• [DATA EXTRACT]:
※
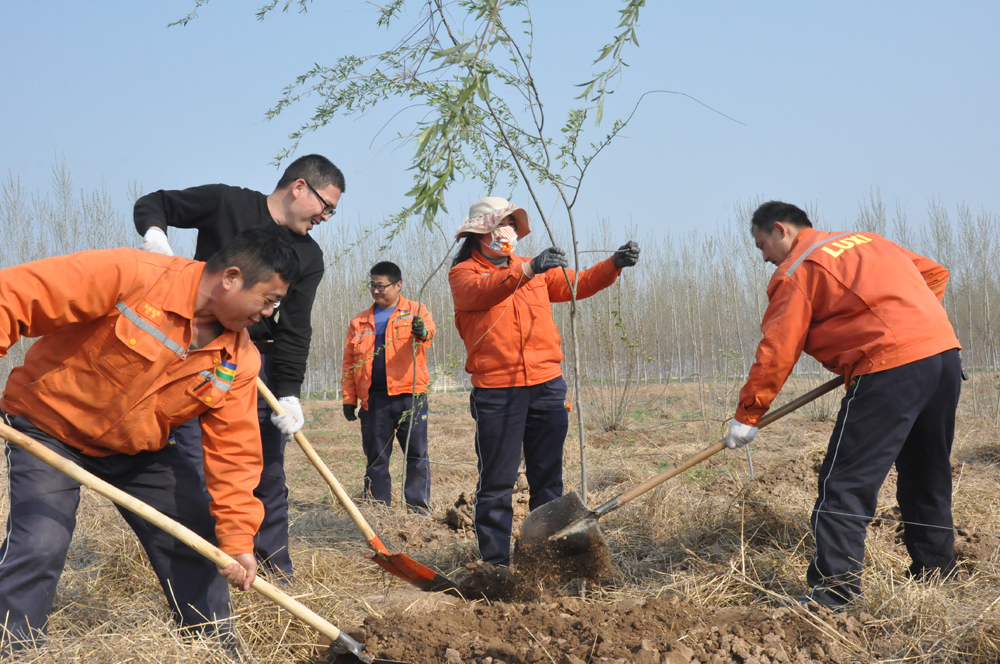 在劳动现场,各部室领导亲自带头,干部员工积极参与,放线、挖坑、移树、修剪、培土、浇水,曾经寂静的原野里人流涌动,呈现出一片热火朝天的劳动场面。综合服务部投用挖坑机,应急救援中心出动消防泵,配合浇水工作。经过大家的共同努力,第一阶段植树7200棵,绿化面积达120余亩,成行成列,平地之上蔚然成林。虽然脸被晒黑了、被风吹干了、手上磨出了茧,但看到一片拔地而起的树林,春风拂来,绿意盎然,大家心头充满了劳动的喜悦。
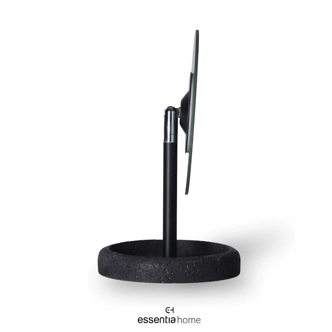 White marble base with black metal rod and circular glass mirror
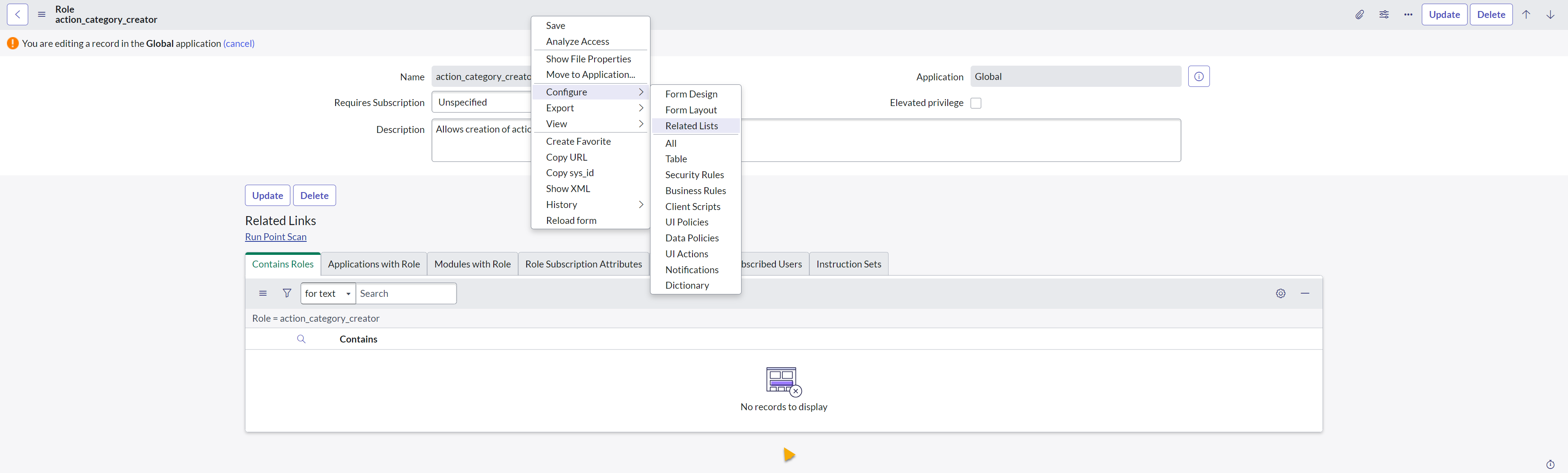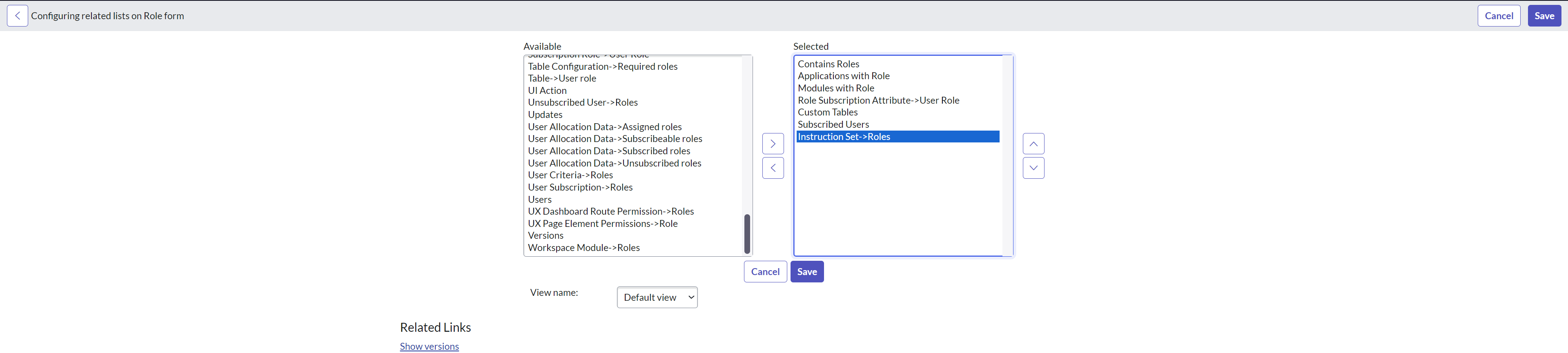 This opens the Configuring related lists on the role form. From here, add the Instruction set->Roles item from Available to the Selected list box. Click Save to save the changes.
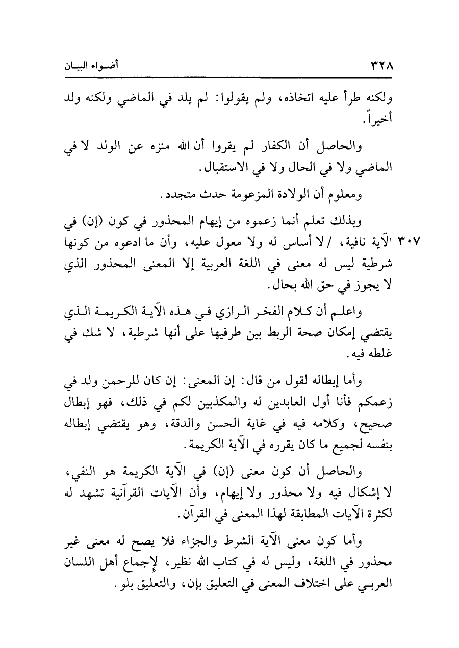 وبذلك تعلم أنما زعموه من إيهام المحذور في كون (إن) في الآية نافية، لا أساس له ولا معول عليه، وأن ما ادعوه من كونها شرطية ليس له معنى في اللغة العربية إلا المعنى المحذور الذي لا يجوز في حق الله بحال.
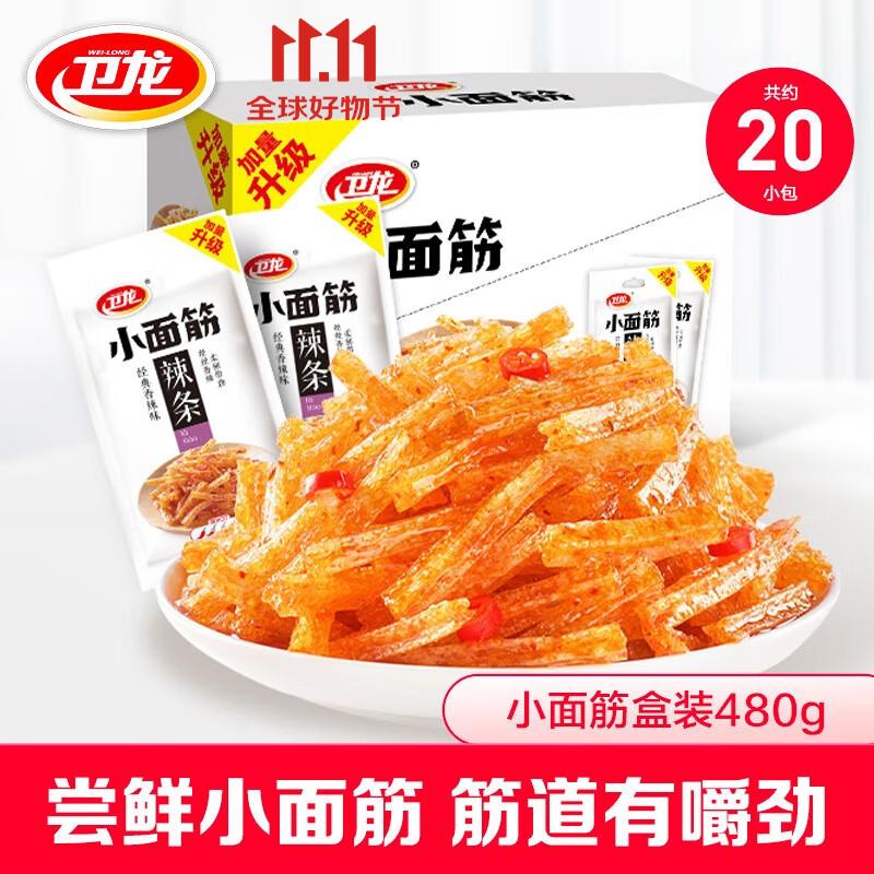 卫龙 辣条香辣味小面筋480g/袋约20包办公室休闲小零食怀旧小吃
※
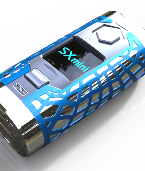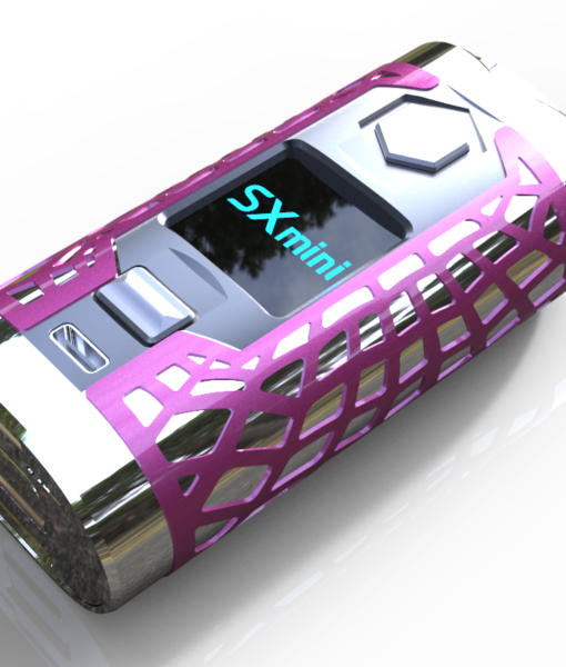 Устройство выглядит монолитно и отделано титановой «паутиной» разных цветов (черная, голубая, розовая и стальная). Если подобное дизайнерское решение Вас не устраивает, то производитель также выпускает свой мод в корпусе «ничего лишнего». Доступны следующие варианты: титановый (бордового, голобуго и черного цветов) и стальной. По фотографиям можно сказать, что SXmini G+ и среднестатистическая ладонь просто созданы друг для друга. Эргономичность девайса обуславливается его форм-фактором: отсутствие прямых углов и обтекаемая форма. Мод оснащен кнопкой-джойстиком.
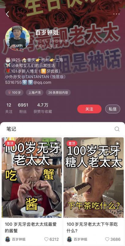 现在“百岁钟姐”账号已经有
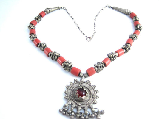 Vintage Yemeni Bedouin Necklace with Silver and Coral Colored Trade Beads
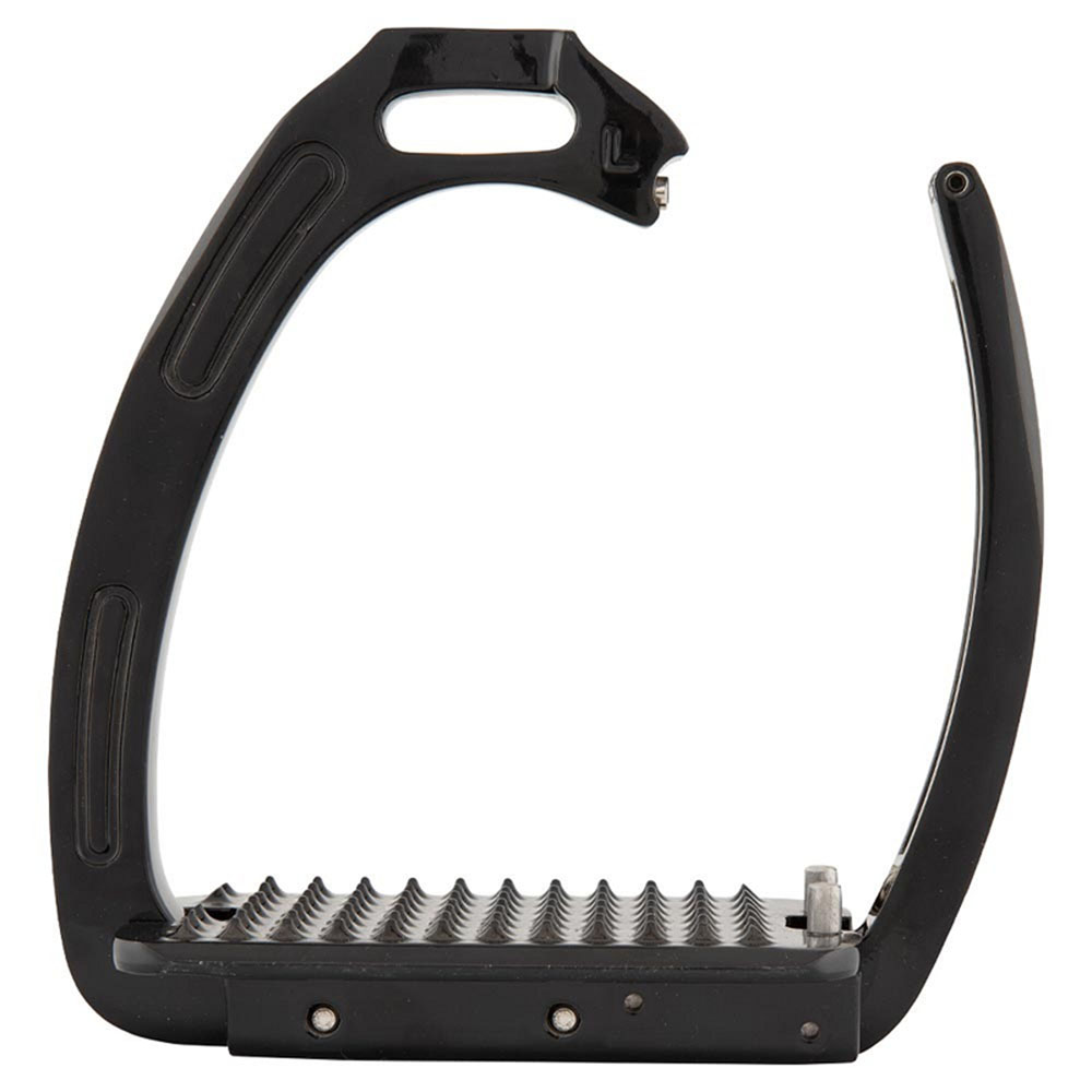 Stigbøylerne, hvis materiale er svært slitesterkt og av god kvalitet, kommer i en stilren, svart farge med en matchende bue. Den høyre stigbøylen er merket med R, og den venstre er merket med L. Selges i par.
※
• [YOUR TASK]:
From the entries above, copy exactly the lines starting at the one with "This opens the" and stopping at the one with "卫龙 辣条香辣味小面筋480g/袋约20包办公室休闲小零食怀旧小吃", keeping both ends. Drop the pictures.

• [RESPONSE BELOW]:
 This opens the Configuring related lists on the role form. From here, add the Instruction set->Roles item from Available to the Selected list box. Click Save to save the changes.
 وبذلك تعلم أنما زعموه من إيهام المحذور في كون (إن) في الآية نافية، لا أساس له ولا معول عليه، وأن ما ادعوه من كونها شرطية ليس له معنى في اللغة العربية إلا المعنى المحذور الذي لا يجوز في حق الله بحال.
 卫龙 辣条香辣味小面筋480g/袋约20包办公室休闲小零食怀旧小吃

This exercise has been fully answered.